This first of a series of three stories covering the 2014 MDA Clinical Conference discusses implications of new types of genetic testing
“Knowing, if not all, is almost all,” said Matthew Harms, a neurologist and neurophysiologist from Washington University in St. Louis, in his presentation on genetic testing for neuromuscular disorders at the 2014 MDA Clinical Conference, held in Chicago March 16-19.
“Molecular diagnosis matters,” Harms said. “We must come to molecular diagnosis as the availability of molecularly based treatments increases.” He said genetic (also called “DNA-based,” or “molecular”) diagnosis brings closure to families and “names the enemy they are fighting.”
However, he said, new types of genetic testing also make genetic counseling more complicated; require that professionals learn more about the implications of each genetic mutation they identify in patients; raise questions about what to do with unexpected, or “incidental,” findings not related to the initial diagnostic process; and may not detect all disease-causing mutations.
Current approaches to genetic diagnosis, Harms explained, are based on a directed search for possible or probable genetic mutations that doctors believe could underlie the signs and symptoms they see in a patient through taking a history and conducting a physical examination and non-genetic tests, such as those measuring the speed and strength of nerve-to-muscle signals. This is a useful approach, Harms said, but one that “often falls short.”

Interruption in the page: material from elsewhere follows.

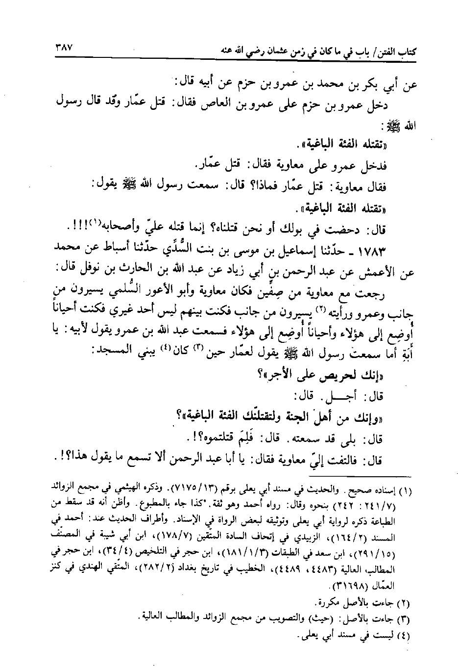 1783 - حَدَّثَنَا إِسْمَاعِيلُ بْنُ مُوسَى بْنِ بِنْتِ السُّدِّيِّ، حَدَّثَنَا أَسْبَاطٌ، عَنْ مُحَمَّدٍ، عَنِ الأَعْمَشِ، عَنْ عَبْدِ الرَّحْمَنِ بْنِ أَبِي زِيَادٍ، عَنْ عَبْدِ اللَّهِ بْنِ الْحَارِثِ بْنِ نَوْفَلٍ قَالَ: رَجَعْتُ مَعَ مُعَاوِيَةَ مِنْ صِفِّينَ فَكَانَ مُعَاوِيَةُ وَأَبُو الأَعْوَرِ السُّلَمِيُّ يَسِيرُونَ مِنْ جَانِبٍ وَعَمْرٌو ورأيته يَسِيرُونَ مِنْ جَانِبٍ، فَكُنْتُ بَيْنَهُمْ لَيْسَ أَحَدٌ غَيْرِي فَكُنْتُ أَحْيَانًا أُوضَعُ إِلَى هَؤُلاءِ وَأَحْيَانًا أُوضَعُ إِلَى هَؤُلاءِ، فَسَمِعْتُ عَبْدَ اللَّهِ بْنَ عَمْرٍو يَقُولُ لأَبِيهِ: يَا أَبَةَ أَمَا سَمِعْتَ رَسُولَ اللَّهِ صَلَّى اللَّهُ عَلَيْهِ وَسَلَّمَ يَقُولُ لِعَمَّارٍ حِينَ كَانَ يَبْنِي الْمَسْجِدَ: «إِنَّكَ لَحَرِيصٌ عَلَى الأَجْرِ» ؟ قَالَ: أَجَلْ.

To illustrate his point, he described a patient who was thought to have type 2 Charcot-Marie-Tooth disease but in whom no molecular diagnosis could be made after extensive testing for the known mutations for this condition. Ultimately, the patient underwent a new type of testing known as exome sequencing, in which all exons — the parts of the human genome that directly code for proteins — were examined. Two mutations were found in a gene underlying a rare neuromuscular disorder that had not originally been on the list of suspected conditions.
Exome sequencing can now be done for about $900, Harms said, which is considered affordable in many settings. However, it has limitations, Harms cautioned. It does not, for instance, find potentially significant mutations that are in introns, the parts of genes between exons that do not directly code for proteins. Nor does it find abnormally expanded sections of DNA, such as those that cause type 1 myotonic dystrophy (MMD1, or DM1) and one form of amyotrophic lateral sclerosis (ALS); or variations in the number of copies of a gene, an important factor in predicting the likely severity of spinal muscular atrophy (SMA).

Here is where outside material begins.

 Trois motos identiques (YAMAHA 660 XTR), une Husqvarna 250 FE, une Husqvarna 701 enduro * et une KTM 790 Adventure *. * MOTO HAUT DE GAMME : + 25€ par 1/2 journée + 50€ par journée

We are on the threshold of newer forms of sequencing that can routinely examine the entire genome — genome sequencing — Harms said. This strategy, rapidly evolving so that it can be used more broadly than it is now, can detect more types of mutations but will be expensive.

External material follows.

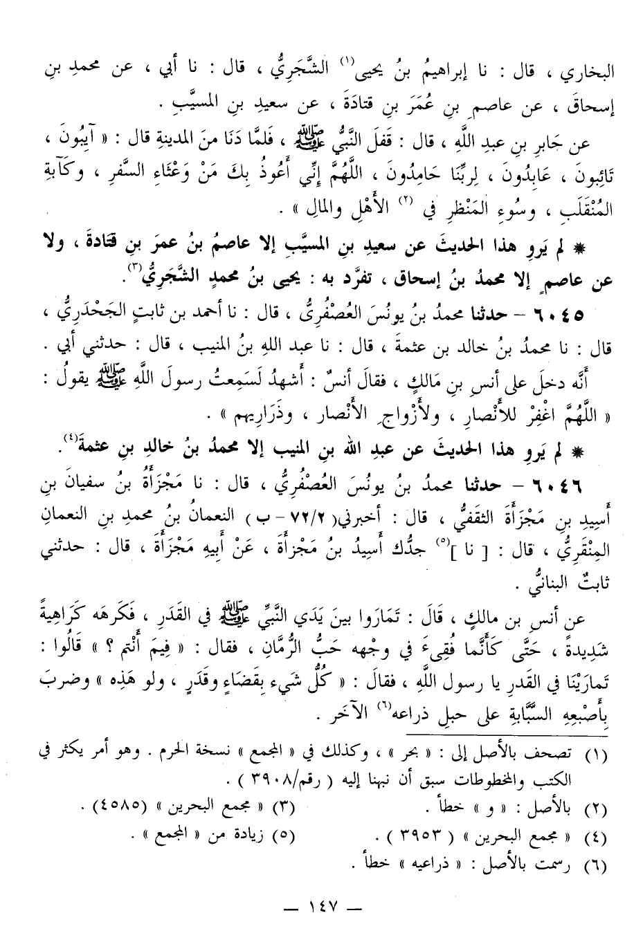 6046 - حَدَّثَنَا مُحَمَّدُ بْنُ يُونُسَ الْعُصْفُرِيُّ قَالَ: نا مَجْزَأَةُ بْنُ سُفْيَانَ بْنِ أُسَيْدِ بْنِ مَجْزَأَةَ الثَّقَفِيُّ قَالَ: أَخْبَرَنِي النُّعْمَانُ بْنُ مُحَمَّدِ بْنِ النُّعْمَانِ الْمِنْقَرِيُّ قَالَ: نا جَدُّكَ أُسَيْدُ بْنُ مَجْزَأَةَ، عَنْ أَبِيهِ مَجْزَأَةَ قَالَ: حَدَّثَنِي ثَابِتٌ الْبُنَانِيُّ، عَنْ أَنَسِ بْنِ مَالِكٍ قَالَ: تَمَارَوْا بَيْنَ يَدَيِ النَّبِيِّ صَلَّى اللهُ عَلَيْهِ وَسَلَّمَ فِي الْقَدَرِ، فَكَرِهَهُ كَرَاهِيَةً شَدِيدَةً، حَتَّى كَأَنَّمَا فُقِئَ فِي وَجْهِهِ حَبُّ الرُّمَّانِ، فَقَالَ: «فِيمَ أَنْتُمْ؟» قَالُوا: تَمَارَيْنَا فِي الْقَدَرِ يَا رَسُولَ اللَّهِ، فَقَالَ: «§كُلُّ شَيْءٍ بِقَضَاءٍ وَقَدَرٍ، وَلَوْ هَذِهِ» وَضَرَبَ بِأُصْبُعِهِ السَّبَّابَةَ عَلَى حَبْلِ ذِرَاعِهِ الْآخَرِ «-[148]- لَمْ يَرْوِ مَجْزَأَةُ أَبُو أُسَيْدٍ الثَّقَفِيُّ عَنْ ثَابِتٍ الْبُنَانِّيِّ إِلَّا هَذَا الْحَدِيثَ، تَفَرَّدَ بِهِ وَلَدُهُ»

Need to raise ‘genetic literacy’
Harms said that forms of genetic testing that scan entire genomes or exomes have already taught us to question our assumptions about genetic disorders and that newer forms of testing will be even more challenging. We have already learned, he said, that symptoms that can arise from a particular genetic mutation are much broader than had been anticipated; that there are more genes out there that cause disease than had been thought; that patients with multiple disease-causing mutations are not as rare as has been believed; and that understanding of genetics, even by professionals, is incomplete.
Mutations that are thought to be harmful sometimes turn out not to be, he said; while those that are thought not be harmful sometimes are. “Clarity will only come from collaboration as physicians,” he said. “Genomic literacy has to be raised, in ourselves and in our patients.”
Panel discussion raised questions
A lively panel discussion followed Harms’ presentation. In addition to Harms, the panel included geneticist Madhuri Hegde, a geneticist and MDA research grantee at Emory University in Atlanta; Carly Siskind, a genetic counselor at Stanford (Calif.) University; and neurologist Jerry Mendell, a longtime MDA research grantee and co-director of the MDA Clinic at Nationwide Children’s Hospital in Columbus, Ohio.
Among the important questions raised by this panel and by the audience included:
None of these questions has a clear answer, although there seemed to be consensus that we need clear consent forms for patients and their parents; that we need more genetic counselors; that the level of knowledge of genetics and its role in disease must be raised for all professionals who are involved with patients; and that cost-benefit calculations must be made for genetic testing.